Women are struggling to attain secondary and university education despite “remarkable” progress in increasing women’s access to primary education in recent years, officials and rights workers said yesterday.
Speaking at a conference on women in the capital yesterday, Minister of Women’s Affairs Ing Kantha Phavi pointed to literacy rates as evidence of Cambodia’s success in achieving gender parity in access to primary education.
“The literacy rate of people under [the age of] 20 reflects Cambodia’s remarkable progress in providing girls with access to education at the primary level,” she said.
However, officials said that they were working to address a gender gap in secondary and higher education by providing scholarships and accommodation for female students.

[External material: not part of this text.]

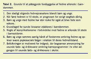 Børn og unge, der er blevet overvægtige, bliver socialt stigmatiseret og har øget risiko for tidligt at få metaboliske sygdomme. Desuden er behandling af overvægt og fedme ikke særlig succesfuld. Dette er baggrunden for, at tidlig opsporing af risikobørn og forebyggelse er så vigtig, hvis fedmekurven skal knækkes. Forebyggelse af børnefedme er ikke nogen let opgave, og der er endnu ikke udviklet strategier på videnskabelig basis, der angiver en entydig måde at forebygge på. Alle, også forfatterne, er enige om, at der bør handles nu med promovering af sund livsstil rettet mod alle børn og unge, også de yngste, og deres forældre. Der er også behov for bedre behandlingstilbud til dem, der er overvægtige. Børn kan tabe sig på julemærkehjem, men vi mangler behandlingstilbud med dokumenteret langtidseffekt til børn, der bliver i familien. Desuden mangler der i hospitalsvæsenet børnecentre med specialviden om behandling og komplikationer.

“We prioritise females when selecting scholarship recipients at all levels. If men and women are equal, we prioritise women,” said Yim Van Chankan, deputy general of the general directorate of education at the Ministry of Education, Youth and Sport.
The percentage of government-funded university scholarships granted to female students had increased from 36 percent to 55 percent between 2006 and 2010, Yim Van Chankan said.
Rights workers expressed concern that women were not enrolling in high school or university at the same rate as their male counterparts.
“Although we are seeing similar levels of enrolment in primary education for girls and boys, the proportion decreases as they get older and into high school and higher education,” Ros Sopheap, executive director of NGO Gender and Development for Cambodia, said.
Sen Marya, dormitory manager for Harpswell Foundation, a US-based NGO that operates a primary school in Kampong Chhnang province and dorms for female students in the capital, said that a lack of affordable lodging for rural female students was fuelling the problem.
“Girls can’t move on to the next level if they don’t have a place to stay,” she said, claiming that some public teachers in rural villages had also been charging students school fees.